I’d slept with headphones on and fallen asleep to mourn the loss of my virginity the night before. I loved Peter, but I wasn’t in love with Peter. I’d had hopes that once we had sex, it would allow for my heart to fall in love with him. But afterward, I’d just felt rushed and contaminated and broken into small pieces. Not heartbroken, but I felt like pieces of me were scattered, and I just needed something to gather them up and rebuild myself.
“Morning, Cat,” Mother said from the stove. “Pancakes and eggs.”
I sat down at the other end of the table from Father. I watched as his eyes scanned the paper and wondered to myself if he was really reading the newspaper.

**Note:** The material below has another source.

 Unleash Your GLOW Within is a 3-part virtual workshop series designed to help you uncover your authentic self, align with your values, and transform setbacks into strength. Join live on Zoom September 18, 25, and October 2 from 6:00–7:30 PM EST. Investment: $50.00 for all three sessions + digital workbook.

A successful businessman, educated, surely, he was studying the stocks or reading about the economic projected growth of 1999 or the decline we’d learned about in Economics. But it didn’t matter, and I never bothered to ask.

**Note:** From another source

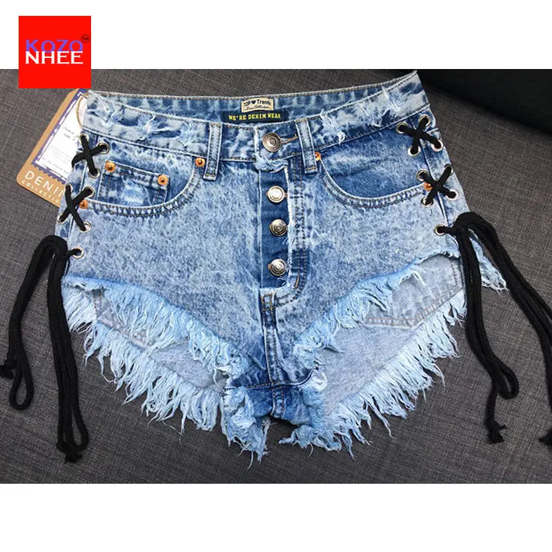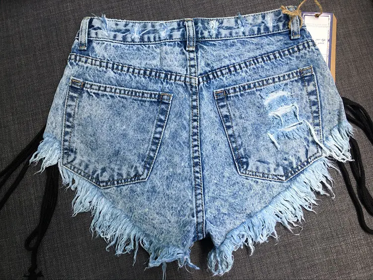Винтаж Снежинка неэластичен Для женщин Джинсовые шорты с высокой талией ремни кисточкой женские летние шорты для Для женщин джинсы

Sometimes, I wanted to hate him.
Other times, I admired him.
But all the times, I loved him.
That was the only thing that remained constant in our relationship.
“I got into Brown,” I said as I took a bite of a warm pancake.
“Cat, please, get a plate,” Mother said as she cleaned the kitchen.
“That’s nice, Catherine,” Father said and continued to read—or not read or whatever.
I took another bite.
“Catherine, a plate, please,” Mother said.
“Morning,” Ingrid said as she walked into the kitchen.
She saw the purple flowers, too.
I wanted to rattle off the statistics to Father about Brown—things I knew we could relate on.
They have a nine percent acceptance rate.
“Did you know John D. Rockefeller Jr. graduated from Brown, Father?” I said, knowing full well that would catch his attention because he had business ties with the Rockefellers and their political party.
“I’m aware of where John Jr. went to school, Catherine,” he said.
“Did you know that Cat also got accepted to Stanford and Yale, Father?” Ingrid grabbed a pancake, just as I had, and buried her teeth into the unbleached flour.
Mother sighed, so I grabbed us bo
th plates from the middle of the table. Handed one to Ingrid. Looked up at Mother.
“You did?” Father looked up only briefly from his reading. “That’s wonderful, Catherine.”
Brown was my first choice. I wanted to say this, but I didn’t. Perhaps Father didn’t like Brown, or maybe he thought there was a better choice. I cared deeply about his opinion even if I didn’t show it.
“Did you know I was pregnant?” Ingrid whispered.
Mother said, “What?” over the running water from the sink.
Father took a sip of his black coffee.
I looked to my sister, envious and both heartbroken for her. Envious that she could speak her mind and it didn’t matter to her what others thought, and heartbroken because nobody cared, except for me.
“That reminds me; come upstairs with me,” I said to her.
Both Ingrid and I stood, grabbed our plates from the table, kissed Mother on the cheek, and put the plates in the dishwasher.
But when I kissed Mother, I allowed my lips to linger longer on her cheek, willing her to know that I was sorry for not using a plate, that I was sorry for turning my headphones up last night, and that I was sorry there were purple hydrangeas on the table this morning.
Father didn’t look up, so Ingrid and I didn’t say a word.
When we got upstairs, I told her about Peter and last night and losing my virginity.
She asked how I felt.
I told her it wasn’t what I’d imagined, but what I didn’t tell her was that I might have done it for the wrong reasons.
Ingrid and I had learned to lie early on. We learned that as long as everything was okay on the outside, the inside didn’t matter. We learned to hold a brave face because Father hated tears—and watermelon and Sundays, maybe because we went to church and he didn’t. Another thing we learned was that if you showed up for Sunday service, all the lies would be forgiven for the week, and we could start anew on Monday morning.
I’d learned to say no, even when I wanted to say yes.
I’d learned to say yes, even when I wanted to say no.